You can't cancel a scheduled maintenance window, but you can reschedule it. You can also configure a deny maintenance period that overlaps with the scheduled maintenance time to effectively skip maintenance.

What happens if the maintenance event is canceled?

If Cloud SQL cancels a maintenance event, you receive a notification that maintenance is canceled in advance, when possible.

You receive a new notification of upcoming maintenance when the maintenance event is rescheduled.

Is Cloud SQL maintenance cumulative?

Maintenance updates are cumulative. There's no need to apply each maintenance update that you might have missed. The latest maintenance version is applied in the next scheduled maintenance update. Or, you can apply the latest maintenance update using self-service maintenance.

What happens if the instance is stopped during its scheduled maintenance update?

If an instance is stopped during its scheduled maintenance update, then Cloud SQL skips the maintenance update. However, the next time that you restart the instance, Cloud SQL updates the instance with the latest maintenance update automatically.

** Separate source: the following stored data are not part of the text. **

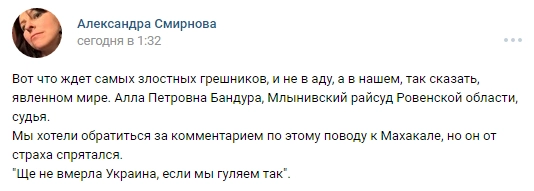 Когда фотография разлетелась по Сети и стала претендовать на роль нового мема, украинские активисты раскопали больше сведений из биографии судьи. «Декларация: квартира в Млинове — 80 квадратов. Авто нет. Четвертый год гасит какие-то небольшие кредиты. В начале 2000-х из-за какого-то дела к ней домой пришли два выродка. Двенадцать колото-ножевых ран заточкой. Еле осталась живой», — написал один из пользователей, отметив моральные качества женщины, которая после такого жуткого случая нашла в себе силы вернуться к работе.
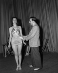 Margaret Lou Hopkins, age 15 and junior at Cleburne High School, crowned winner by Lou Wolfson, executive director of Fort Worth's Casa Manana, in Miss Cleburne beauty pageant.
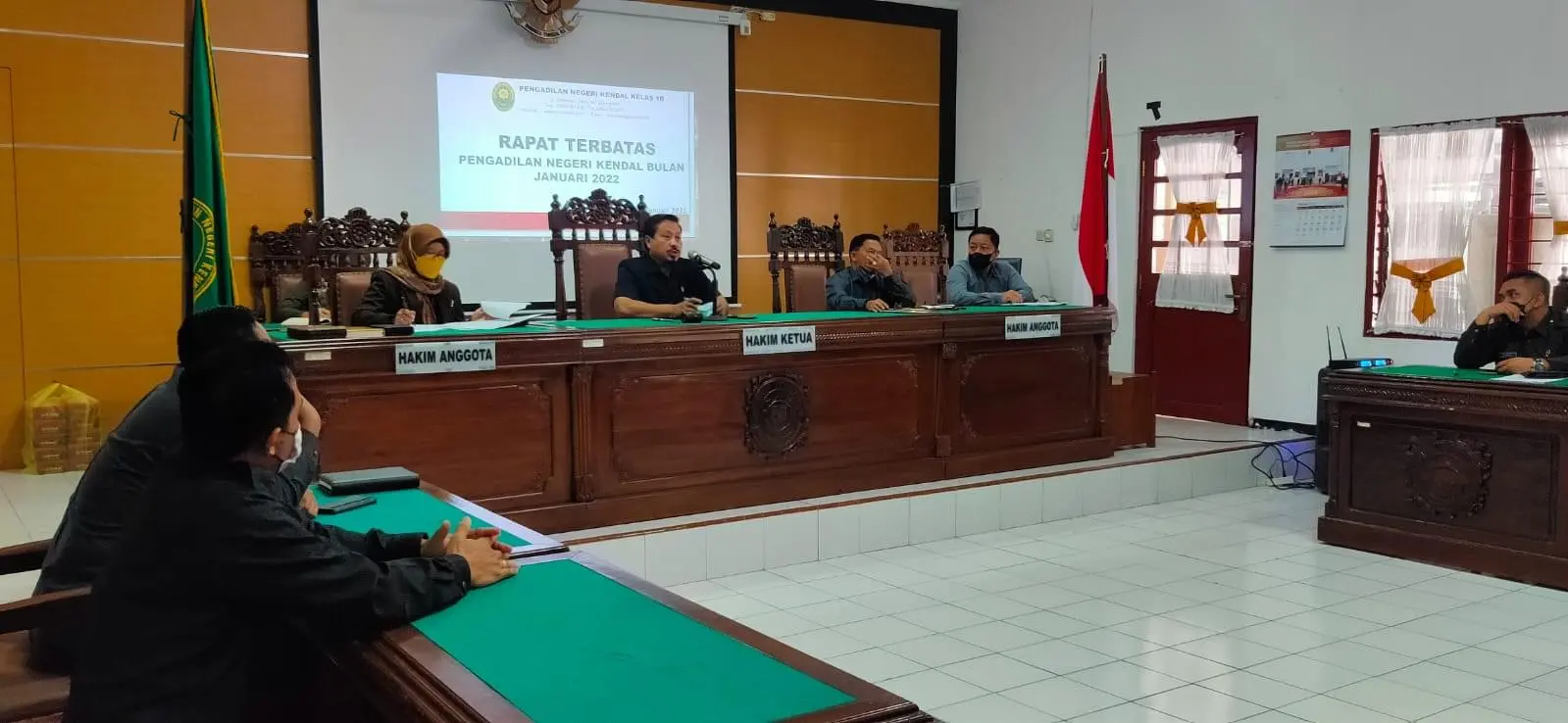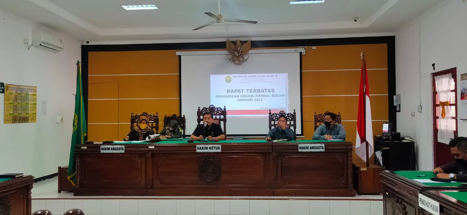 Pada hari Rabu tanggal 05 Januari 2022 bertempat di Ruang Sidang Tirta Pengadilan Negeri Kendal telah dilaksanakan Rapat Terbatas. Yang dipimpin oleh Ketua Pengadilan Negeri Kendal Bapak Mujiono, S.H.,M.H. dan dihadiri oleh Ibu Wakil Ketua Pengadilan Negeri Kendal Ibu Christina Endarwati, S.H, M.H. serta Bapak dan Ibu Hakim ,Panitera, Sekretaris, Panmud, Kasubbag, perwakilan Panitera Pengganti dan perwakilan Juru Sita Pengadilan Negeri Kendal dengan tetap menerapkan protokol kesehatan pencegahan penyebaran Covid-19.
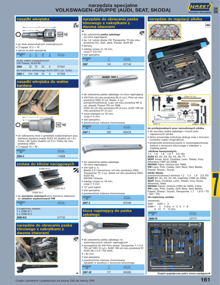 narzędzia specjalne VOLKSWAGEN-GRUPPE (AUDI, SEAT, SKODA) nasadki wkrętaka F narzędzie do obracania paska klinowego z nakrętkami z dwoma otworami Genialne Narzędzia 2540 2588 narzędzie do regulacji silnika b G C • do ustawienia paska zębatego na rolce napinającej • do 1,6 l silniki diesla VW Transporter T3 (do roku produkcji 91), Golf, Jetta, Passat, AUDI 80 • łamany • odstęp czopa co 18 mm, czop-? 2,9 mm • stal specjalna • do śrub sześciokątnych wewnętrznych • j napęd 12,5 = 1⁄2” • ostrza ze stali specjalnej 1 M N F S 4 śruby wałów przegubowych VW Passat, AUDI 80 2584 32 70 23 6 017041 1 K 4 2587 140 017140 do kolektora dolotowego AUDI 200 5 cyl. Turbo 2584-1 210 248 23 6 017058 nasadki wkrętaka do wałów kardana • do ustawienia paska zębatego na rolce napinającej • VW Polo od roku produkcji 95 (4 cyl.), Polo od roku produkcji 2002 (3 cyl. diesel, 4 cyl. pompowtryskiwacz), Lupo od roku produkcji 99 (3 cyl. diesel), Passat TDi od 1998 AUDI A4 od roku produkcji 95 (4 cyl.), AUDI 100 od roku produkcji 91 (5 cyl.) • czop-odstępie co 18 mm, czop-? 3 mm • stal specjalna • powierzchnia matowa chromowana 1 K 4 2587-1 250 053476 • do odkręcenia śrub o gnieździe sześciokątnym przy kołnierzu kardana marek AUDI A4 Quattro od 1,8 l Turbo i A6 Turbo Quattro od 2,4 l Turbo do roku produkcji 2004 • j napęd 10 = 3⁄8” 1 4 2584-4 115808 zestaw do klinów naciągowych E • do zacisków stalowych przy kołnierzu stalowym do układów wydechowych VW 1 4 3-częściowy zestaw: 1 x 2586 N-1 2 x 2586 N-2 2586 N/3 • do ustawienia paska zębatego na rolce napinającej • VW Golf 3, 4, Beetle 2,0 l benzynowy od roku produkcji 2003, Transporter T5 4 cyl. diesel od roku produkcji 2004 AUDI A3, SKODA Octavia, • odstęp czopa co 18 mm, czop ? 3 mm • 15° pod kątem • stal specjalna • powierzchnia matowa chromowana 1 4 2587-2 072439 klucz napinający do paska zębatego 017133 do profesjonalnych prac remontowych silnika • do wymiany paska zębatego i innych prac naprawczych silnika • łatwo zrozumiała instrukcja obsługi wraz z kluczem numerów części oryginalnych • przejrzyste przechowywanie w wysokogatunkowej walizce z tworzywa sztucznego z wkładem z miękkiej pianki silników benzynowych: 1,4 1,6 1,8 1,8 T 2,0 16V AUDI 80, A2, A3, S3, A4, A6, TT SEAT Arosa, Ibiza, Cordoba, Leon, Toledo, Inca, Alhambra (1997 do 2006) SKODA Fabia, Octavia (od 1996) VW Lupo, Polo, Caddy, Golf, Bora, New Beetle, Passat, Sharan, Touran silniki diesla: pompowtryskiwacz silników 1,2 1,4 1,9 2,0 TDi AUDI 80, A2, A3, A4, A6, Cabriolet (1995 do 2000) SEAT Ibiza, Cordoba, Leon, Toledo, Inca, Arosa, Alhambra, Altea SKODA Felicia, Octavia (1993 do 2005), Fabia VW Lupo, Polo, Caddy, Golf, Bora, New Beetle, Passat, Sharan, Touran, Transporter, 1,7 1,9 D / TD / SDi / TDi 19-częściowy zestaw zawartość: 2587 2587-1 2 2588-1 2 3 (2x) 4 5 6 7 8 9 10 11 12 (2x) 1 4 2588/19 127771 narzędzie do obracania paska klinowego z nakrętkami z dwoma otworami G B • do ustawienia paska zębatego na automatycznych rolkach napinających • szczególnie do VW Polo diesel, Transporter T 4 2,5 TDi od 1991 (5 cyl.), AUDI 100 od roku produkcji 91 AUDI A6 z 2,5 l TDi silnik • Ä 32 mm • stal specjalna • powierzchnia matowa chromowana rękojeść w powłoce z tworzywa sztucznego 1 K 4 2587-32 177 053285 Części zamienne i pojedyncze od strony 240 do strony 249 Części pojedyncze patrz srona następna B 161 7 Genialne Narzędzia narzędzia specjalne VOLKSWAGEN-GRUPPE (AUDI, SEAT, SKODA) narzędzie do regulacji silnika 1 narzędzie do regulacji silnika b& C 4 4 2588/3 087761 blokada wału korbowego do blokowania wału korbowego 2588-1 087730 płytki blokujące do blokowania rolki napinającej 2588-2 087747 kołek do blokowania koła napędu wałka rozrządu 4 2588-3 2588/9 144181 blokowanie wałka rozrządu 2588-17 087754 144198 144204 144211 144228 blokady rolek napinających 137114 2588-18 trzpień ustalający 2588-7 1 śruby rolek napinających 137107 blokada wałka rozrządu 2588-6 C 1 2588-14 2588-15 2588-16 145539 zestaw narzędzi do wymiany paska zębatego 3-częściowy zestaw: 2588-1 2 3 trzpień ustalający blokada wałka rozrządu 2588-5 b& zawartość: 2588-14 15 (2x) 16 17 18 19 110 3688-10 zestaw do ustawiania rozrządu do profesjonalnej obsługi silnika w sam. VW 19 części, zawartość zobacz 2588/19 we wkładce z miękkiej pianki (2/3), pasuje do wszystkich wózków warsztatowych z szufladami 163-89/19 C 9-częściowe uzupełnienie – zestawu 2588/19 z wkładem z miękkiej pianki (możliwe przechowywanie w walizce 2588/19) silniki benzynowe: 1,2 6V i 12V 3 cylindry silnik, VW Polo i Fox, SKODA Fabia, SEAT Ibiza / Cordoba 1,4 - 1,6 FSI silników: AUDI A3, SKODA Octavia, VW Polo, Golf, Touran, Caddy silniki diesla: 4 cylindry pompowtryskiwacz silników diesla od roku produkcji â05 VW i samochodów koncernu 144334 narzędzie do mocowania 136896 2588-19 144341 przyrząd napinający trzpień 2588-8 137121 przyrząd ustalający 2588-9 137565 trzpień ustalający 2588-10 136902 podtrzymywacz 2588-11 prowadnica 2588-12 blok wału korbowego do blokowania owalnego kółka napędu pasa zębatego przy wymianie paska zębatego lub przy naprawie silnika 137589 prowadnica 2588-13 137596 do tarnsportu 7 • do blokowania koła napędu wałka rozrządu przy wymianie paska zębatego • naprawa silnika silników czterozaworowych, czterocylindrowych z wtryskiem VW Lupo od roku produkcji 1999, Polo od roku produkcji 1995, Caddy od roku produkcji 1996 Polo Classic, Variant od roku produkcji 1996, New Beetle 1,4 l od roku produkcji 1999 Golf 1,4 l, 1,6 l od roku produkcji 1998, Bora 1,4 l, 1,6 l od roku produkcji 1999 SKODA Fabia i Octavia AUDI A2 • stal specjalna 137572 2588-110 b& 143283 przyrząd do mierzenia OT 3688-10 137527 zestaw narzędzi do wymiany paska zębatego podczas pracy 1 4 2588-4 110391 narzędzie do permanentnego napinacza b B 162 • do wymiany paska zę

How long does self-service maintenance take for all the read replicas of a primary instance?

The amount of time that a self-service maintenance update takes depends on the total number of read replicas of your primary instance. To reduce the amount of time that the self-service maintenance update might take, you can update a few read replicas individually and then perform the update on the primary instance to update the rest of the read replicas.

The second update skips any replicas that already have the target maintenance version.

If I have multiple read replicas of my primary instance, can I do self-service maintenance on a single read replica?

Yes, you can perform self-service maintenance on an individual read replica instance. However, we recommend that you update the rest of the read replicas and primary instance to the same maintenance version soon afterwards. We recommend that you operate all the read replicas and primary instance with an identical maintenance version.